Której decyzji podjętej podczas kariery żałuje pan najbardziej?
– Żadnej. Błędy na pewno popełniłem, ale nie chcę się rozdrabniać. Pamiętajmy też, że nie na wszystko, co chciałem zrobić, miałem wpływ, bo ograniczały nas przepisy. My w tamtym okresie byliśmy niewolnikami. Zawsze czułem się jednak Polakiem, nie chciałem zostawać na stałe za granicą.

Co kupił pan za pierwszą grubszą premię?
– Jak przechodziłem z Górnika do Widzewa, otrzymałem rekompensatę, za którą kupiłem mieszkanie. Dla Widzewa byłem bardzo drogim zawodnikiem.

Największa suma pieniędzy przepuszczona w jedną noc?
– Nie przypominam sobie. Jestem normalnym człowiekiem, lubię się pobawić, ale nie przekraczam granic. Wolę spędzić czas przy barze, niż iść do kasyna.

Najbardziej pamiętna impreza po sukcesie?
– Pierwsze mistrzostwo Polski z Widzewem, zabawa w Pabianicach. Jeden z chłopaków, chyba Mirek Tłokiński, zaczął się chwalić markową koszulą i krawatem. Nasze żony były na tyle wesołe, że te krawaty nam poobcinały, „stworzyły” koszule z krótkim rękawem. Wróciliśmy w końcu w samych marynarkach. Atmosfera, proszę mi wierzyć, niesamowita.

Z którym piłkarzem z obecnych ekstraklasowiczów najchętniej by pan zagrał w jednej drużynie?
– Z Surmą, bo pięćset meczów to wielki wyczyn. Kłaniam się nisko. Zresztą, napisałem mu, że to dopiero początek i życzę dwa razy więcej. Chętnie zmierzyłbym się też z Głowackim czy Rzeźniczakiem. Ciekaw jestem, jak wyglądałyby takie pojedynki, ale tych różnych okresów też nie da się porównać. Jeśli natomiast ktoś już bardzo chce, niech spojrzy na sukcesy. Wtedy wyjdzie na moje!

Z którym z obecnych trenerów Ekstraklasy chciałby pan pracować?
– Z Probierzem. To niemiecka szkoła. Życzę mu, by nie zaprzestał tego, co robi. A to w Polsce trudne, można zbierać przeciwników. Musimy się nauczyć, że trener to osobowość, jego zdanie w klubie musi być ważne. Probierz próbuje to wprowadzać, mnie pasuje.

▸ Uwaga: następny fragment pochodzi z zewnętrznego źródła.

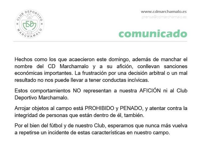 Finalmente tras la intervención del delegado del Marchamalo y cuando la Guardia Civil garantizó la integridad del equipo arbitral, el partido se reanudó disputándose los últimos minutos.
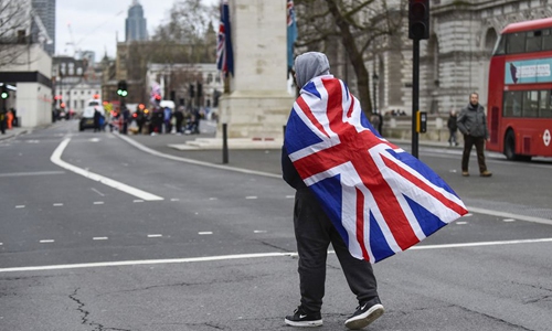 A supporter of a pro-Brexit group walks down Whitehall in London, Britain, on Jan. 31, 2020. (Photo by Stephen Chung/Xinhua)
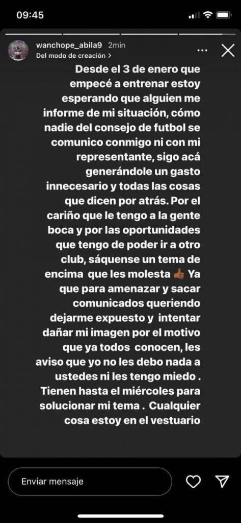 Ya que para amenazar y sacar comunicados queriendo dejarme expuesto e internar dañar mi imagen por el motivo que ya todos conocen, les aviso que yo no les debo nada a ustedes, ni les tengo miedo. Tienen hasta el miércoles para solucionar mi tema. Cualquier cosa estoy en el vestuario”.

Najcenniejsza pamiątka z czasów kariery piłkarskiej?
– W domu mam własny, prywatny pokój, gdzie znajdują się nagrody, puchary i medale. Te za mistrzostwo, wicemistrzostwo i europejskie puchary. Rzadko to w Widzewie miało miejsce, ale prezes Sobolewski oficjalnie mnie pożegnał i złożył podziękowania za grę dla łódzkiego klubu. Nie widziałem u innych piłkarzy tego oficjalnego dokumentu.

Pierwszy samochód?
– Proszę zgadnąć… Rzecz jasna, maluch.

Najlepszy samochód?
– Kiedyś byłem fanem Mercedesów, ale przerzuciłem się na Audi.

Najlepszy młody polski piłkarz, który ma szansę zrobić wielką karierę?
– Karierę robi tylko Lewandowski, ale młody już nie jest. No więc Milik. Ma poukładane w głowie, jest w dobrym klubie, Holendrzy dadzą mu odpowiednią szkołę. Jeśli utrzyma się na tej drodze, zrobi karierę zbliżoną do Lewego.

Artykuł prasowy o panu, który najbardziej zapadł w pamięć?
– Po dwóch lub trzech meczach w Widzewie, redaktor Hurkowski dał w Piłce Nożnej tytuł: „Trzecia siła”. I mnie wyliczył jako trzecią siłę, po Bońku i Burzyńskim.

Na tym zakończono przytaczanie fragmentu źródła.